Can the New Growth Plan create growth and employment?

The official endorsement of the New Growth Plan (NGP) by the ANC was announced by President Jacob Zuma on 8 January. Instrumental in devising the plan through his position on the ministerial advisory panel was the eminent Nobel Prize winning economist, Joseph Stiglitz.

Prof. Stiglitz has indicated that he is in favour of the NGP (of course), but his recent comments on certain issues should cause us some concern. Prof. Stiglitz says there are two policies that can make a big difference in terms of promoting growth and employment in SA.

His first suggestion is “an appropriate exchange rate [because]… high exchange rates make it difficult for countries to export or to compete with cheap imports”. How can anyone, or any government official obtain sufficient information to determine what an ‘appropriate exchange rate’ should be? By deliberately lowering the value of the rand, SA will be subsidising our foreign trading partners’ consumers and increasing the costs of local companies that rely on imports as inputs in the manufacturing process.

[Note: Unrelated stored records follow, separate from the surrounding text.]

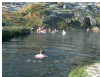
At Landmannalaugar.
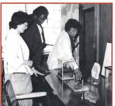
Upstairs at the Old Chung Pa Dong Church.

You could only hear whispers as the ministers brushed their fingers reverently over the sparse furniture and marveled at Father's humble beginnings.
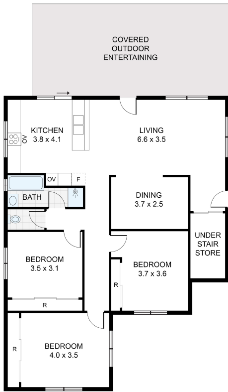
LOWER GROUND FLOOR : 123m 2
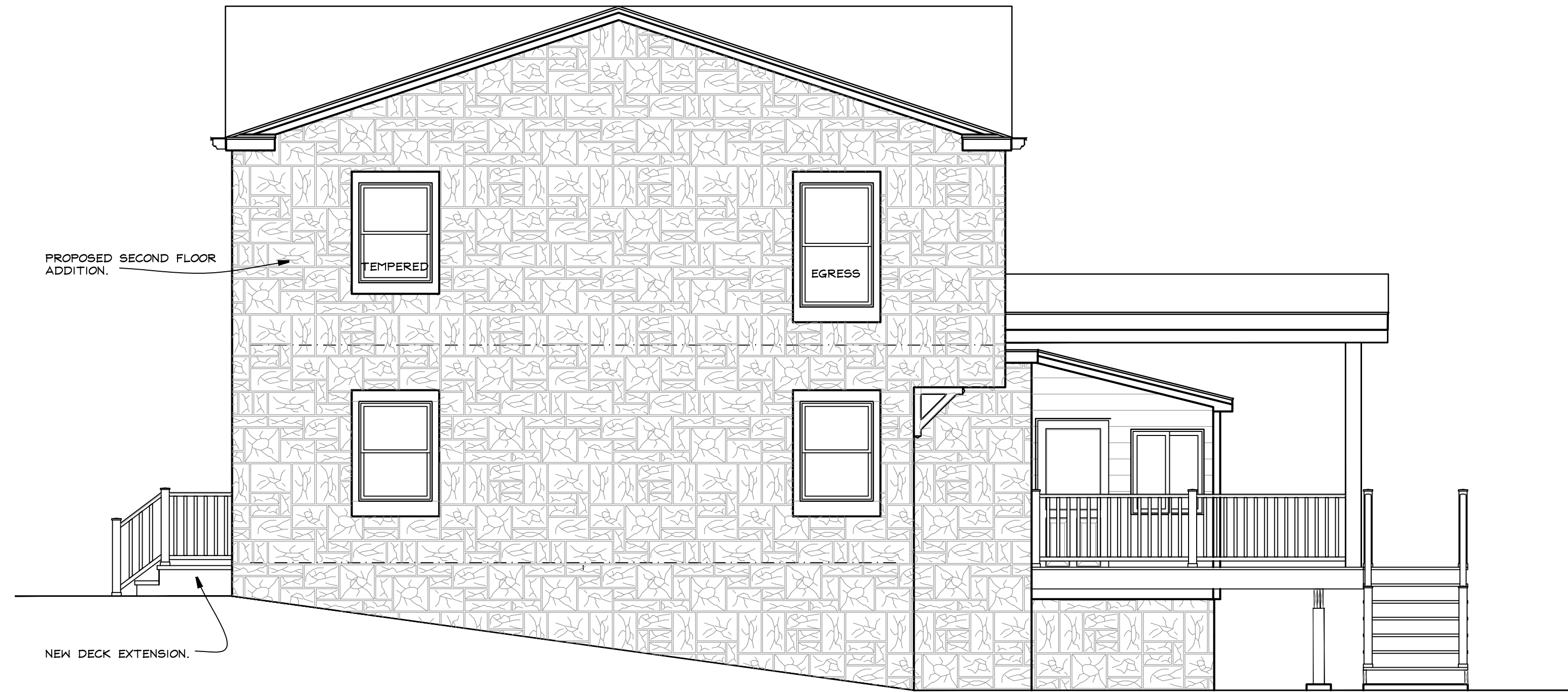
② SOUTH ELEVATION A2 1/4" = 1 FOOT
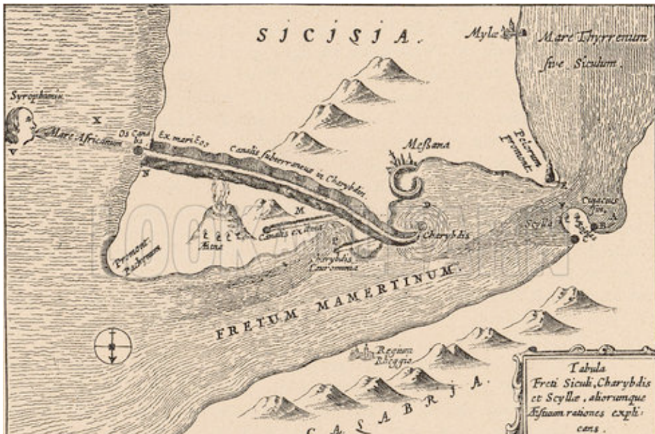
Figure 2: The Straits of Messina, showing location of Scylla and Charybdis, from a 1665 map. The Etna Volcano is also visible. Legend (in French) reads: Charybdis and Scylla in the Messina Straits (North is towards the bottom of the image.)

watery medium, infecting the mainland; thus justifying mainland invasions (which, however, are not always successful).
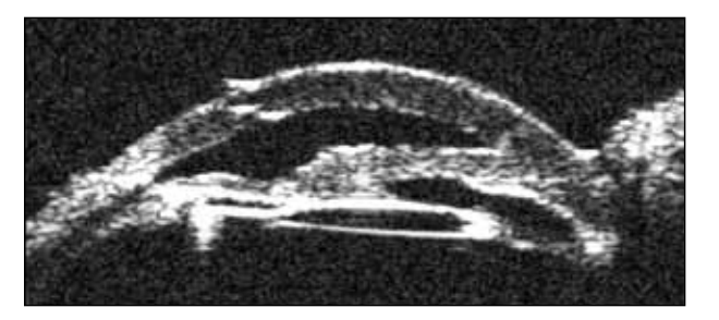
Figure 1. This patient had prior Descemet stripping endothelial keratoplasty (DSEK) and IOL implantation. Fibrosis at the intersection of the DSEK tissue and the iris likely led to the implant's dislocation.

UBM technology is particularly useful for surgical planning for phakic IOL implantation. Although it is recommended that we use anterior chamber depth, white-to-
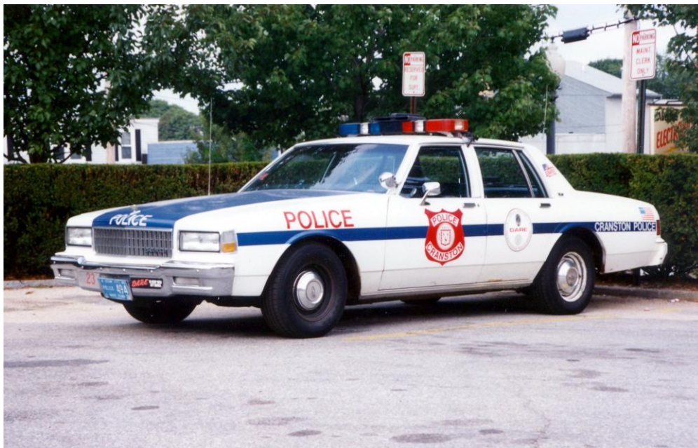
First DARE vehicle, a 1987 Chevrolet with DARE emblem on rear door.
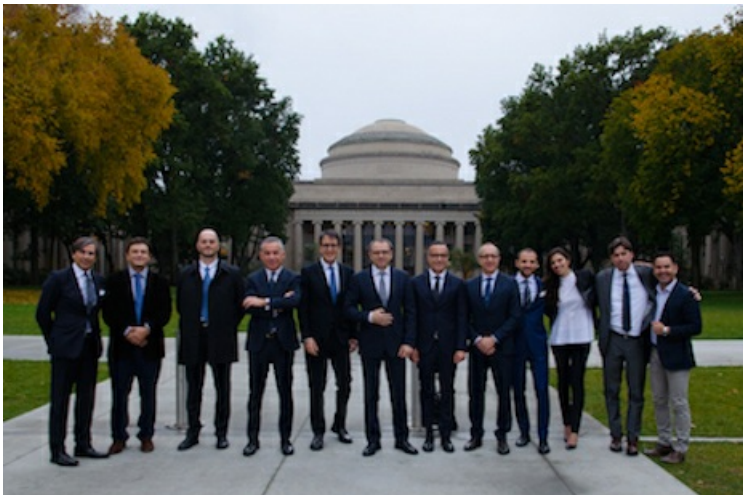
Lamborghini's team at MIT in Cambridge, MA.

Italian automaker Lamborghini, for one, works with the Massachusetts Institute of Technology (MIT) on research initiatives, with the end goal of establishing a super sports car that is ready for the rest of the 21st century.

Cheap imports allow people to get more ‘bang for their buck’. They then have money left over to save and invest in productive areas of society. Investment makes it possible for levels of productivity to be driven higher, which in turn allows real wages to increase and the prices of our commodities to decrease and become more attractive to foreigners. In simple terms, if we artificially undervalue our currency, we effectively subsidise foreign consumers’ purchases of our goods and penalise ordinary South Africans by making them pay higher prices for foreign produced goods. Interfering with the exchange rate also creates a negative perception of the economy and implies that the government is willing to pander to vested interests at the expense of ordinary South Africans.

Prof Stiglitz’s second suggested policy intervention is to lower interest rates. “High interest rates,” he says, “can stifle growth in two ways: making credit more expensive, and thus stifling investment; and increasing the exchange rate”. But, can monetary policy that deliberately aims to reduce interest rates necessarily boost economic growth? Will it not merely create imbalances that will harm the economy?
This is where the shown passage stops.